Friday, 11 March
This morning we had an interview with a Palauan gentleman who had been recommended to us earlier. He lives near the A-K causeway.
Turns out that when he was working at a sawmill in Aimeliik, he actually visited the site of the Avenger that we just discovered a few days ago in the mangroves. But according to him, back then (late fall of 1944), there weren't any mangroves and the wreck site was near the shore, in plain view. He took a tool kit with him, for the purpose of removing the machine gun from the left wing (he was sure it was the LEFT wing), in hopes of finding some parts that he could use to repair his air rifle. Yep, that's what he said. Unfortunately, the parts from the .50-caliber machine gun didn't quite fit his air rifle. Go figure. And he doesn't remember what happened to the gun.
The story he told (second-hand, from someone else who had seen the aircraft go down) is that the aircraft was flying quite low on a bombing run. There was an explosion (he assumed that the explosion was from a bomb that the plane had just dropped) that damaged the aircraft, which crashed in the water just on the ocean side of a ridge. He said that it was in water that was pretty shallow, but never quite completely exposed (2-3 feet deep at low tide), so it could have been outside the area that's presently been reclaimed by the mangroves. He didn't know if any of the wreckage was subsequently salvaged.
He indicated that the story was that there were no survivors, but he did not report seeing any evidence of remains and he was very vague about the size and amount of other wreckage that he saw besides the wing. Since the aircraft had crashed some time before he visited it, he wasn't able to narrow down the date of its crash. Could have been anywhere from March '44 on.

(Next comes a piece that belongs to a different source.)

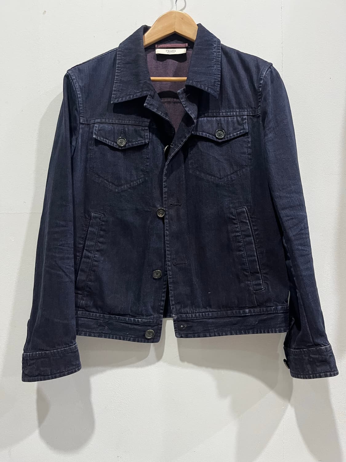 프라다 정품 데님 자켓이에요 사진에서 보이는 것처럼 깔끔한 디자인이 돋보여요 사이즈는 48이며, 남성분들이 입기 좋아요 어떤 옷에도 잘 어울리는 매력적인 아이템이랍니다

The rest of the day was consumed by admin stuff and visits, and included some time that Pat needed to prepare a talk to be presented tonight at Sam's.
We finally found Rita Ulsudong in the office at the Historical Preservation Office (we'd tried several times over the past couple of weeks but never managed to catch her in the office). We transmitted some materials and information to her about the FM-2 site in Airai.
In the early evening, we all headed to Sam's, where Pat and Joe did a presentation with an international flair. Pat used a PowerPoint presentation to discuss some of the history of the war in Palau, followed by a discussion of the BentProp mission and a presentation of findings so far on this year's expedition. It was well attended and very well received.
We had a quiet dinner at Carp, and Flip headed out to the airport for a 1:50 a.m. departure to Guam, Narita, and Michigan. He wasn't optimistic about making all of the flights he wanted, so he felt it was prudent to leave a few days before the rest of us in order to be sure he'd be back in time to start back to work.